**Problem statement**
Repeat the records below exactly as they appear, leaving out any pictures.
◇ ◇ ◇ ◇ ◇ ◇ ◇
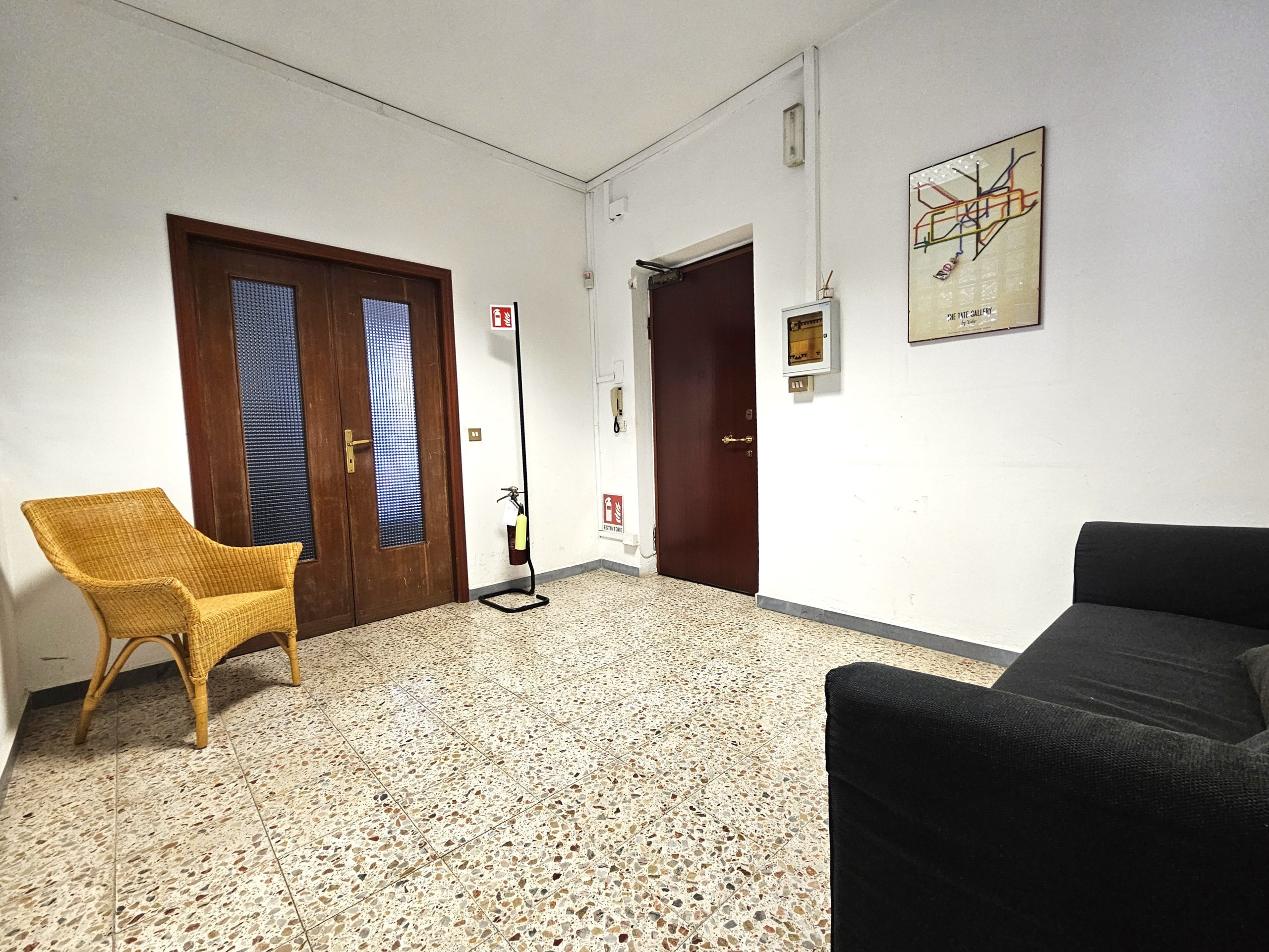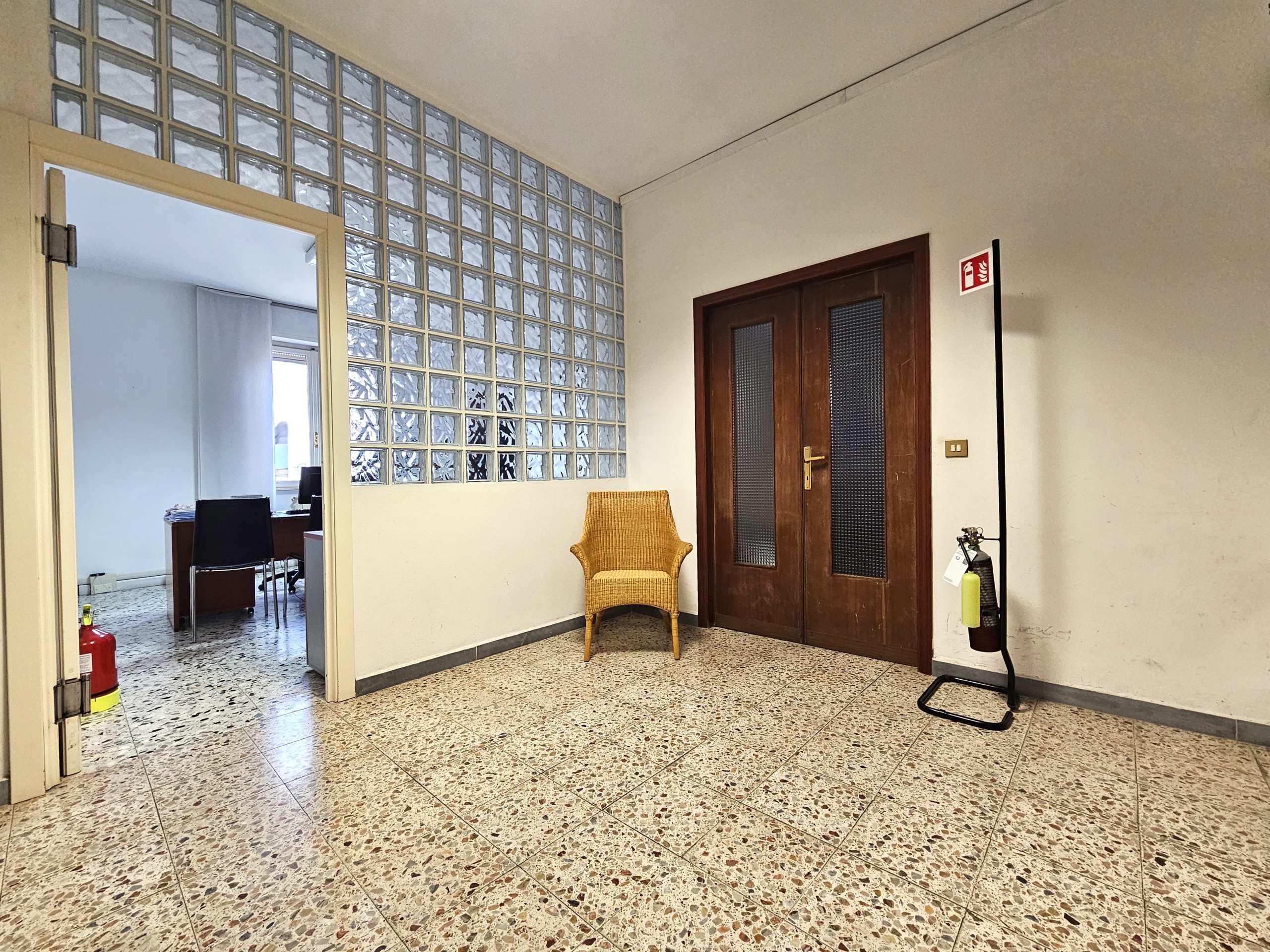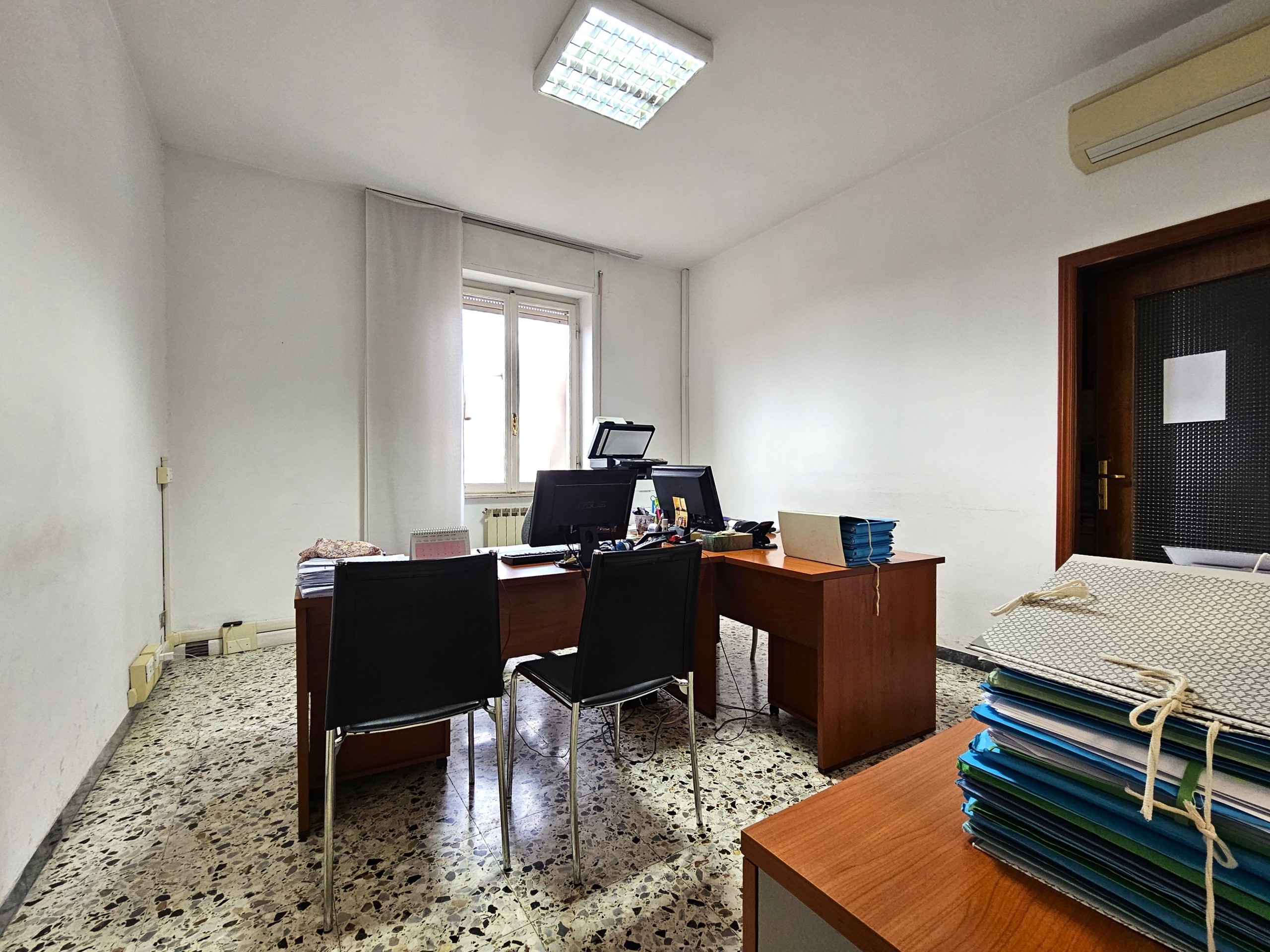 L'appartamento attualmente utilizzato come ufficio ma ad uso abitativo si compone di: ampio ingresso/disimpegno, salone doppio con terrazzino, cucinotto, quattro stanze di cui una con balcone, disimpegno e bagno finestrato con doccia.
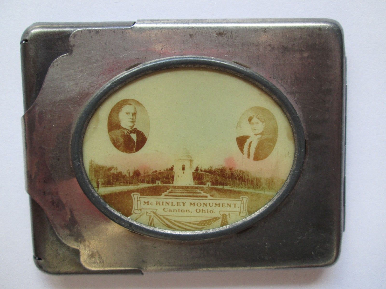 Title (ebay affiliate link): WM.McKINLEY & WIFE MONUMENT CELLULOID & METAL MATCH SAFE - NICE,CANTON OHIO
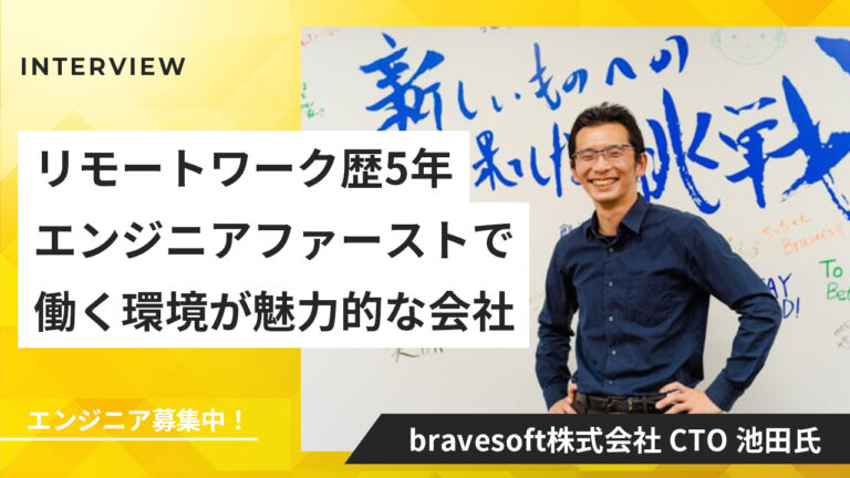 bravesoft株式会社 CTO 池田氏|リモートワーク歴5年・エンジニアファーストで働く環境が魅力的な会社。エンジニア募集中!
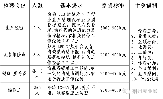 2、赫天光电,普工,男16-35岁,女16-40岁,可接受中专实习生100人,身心健康,吃苦耐劳,月工资3200元以上,管吃住。
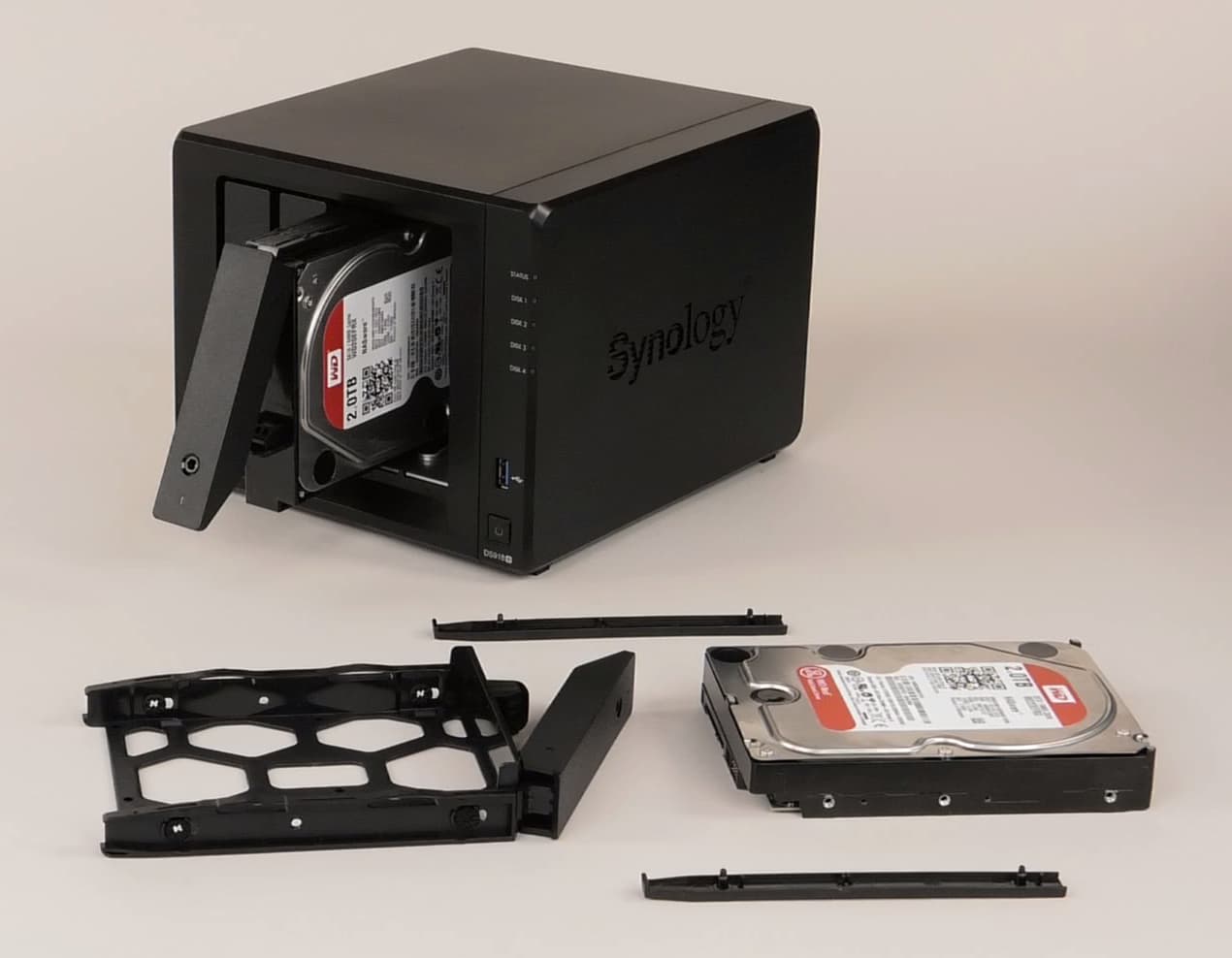 Вид передней панели напоминает выпущенные лет пять назад устройства. Бо́льшую ее часть занимают отсеки для дисков. Они ничем не закрыты, в отличие от устройств прошлого поколения, но на рамках предусмотрены дополнительные защелки. Через щели вокруг них внутрь корпуса поступает воздух для охлаждения. Жаль, что компания не реализовала какого-нибудь варианта защиты от пыли. Можно было бы предложить, например, сетку на быстросъемных магнитных креплениях. Даже если это немного портило внешний вид, пользы было бы немало.
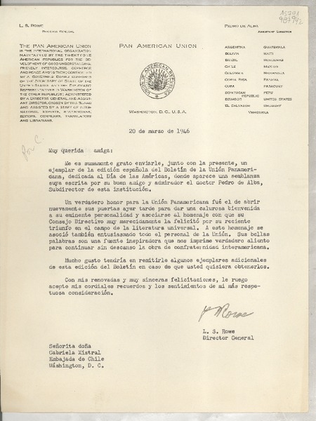 [Carta] 1946 mar. 20, Washington, D. C., U.S.A. [a la] Señorita doña Gabriela Mistral, Embajada de Chile, Washington, D. C., [EE.UU.] [manuscrito] L. S. Rowe, Director General.
◇ ◇ ◇ ◇ ◇ ◇ ◇
**Result below**
 L'appartamento attualmente utilizzato come ufficio ma ad uso abitativo si compone di: ampio ingresso/disimpegno, salone doppio con terrazzino, cucinotto, quattro stanze di cui una con balcone, disimpegno e bagno finestrato con doccia.
 Title (ebay affiliate link): WM.McKINLEY & WIFE MONUMENT CELLULOID & METAL MATCH SAFE - NICE,CANTON OHIO
 bravesoft株式会社 CTO 池田氏|リモートワーク歴5年・エンジニアファーストで働く環境が魅力的な会社。エンジニア募集中!
 2、赫天光电,普工,男16-35岁,女16-40岁,可接受中专实习生100人,身心健康,吃苦耐劳,月工资3200元以上,管吃住。
 Вид передней панели напоминает выпущенные лет пять назад устройства. Бо́льшую ее часть занимают отсеки для дисков. Они ничем не закрыты, в отличие от устройств прошлого поколения, но на рамках предусмотрены дополнительные защелки. Через щели вокруг них внутрь корпуса поступает воздух для охлаждения. Жаль, что компания не реализовала какого-нибудь варианта защиты от пыли. Можно было бы предложить, например, сетку на быстросъемных магнитных креплениях. Даже если это немного портило внешний вид, пользы было бы немало.
 [Carta] 1946 mar. 20, Washington, D. C., U.S.A. [a la] Señorita doña Gabriela Mistral, Embajada de Chile, Washington, D. C., [EE.UU.] [manuscrito] L. S. Rowe, Director General.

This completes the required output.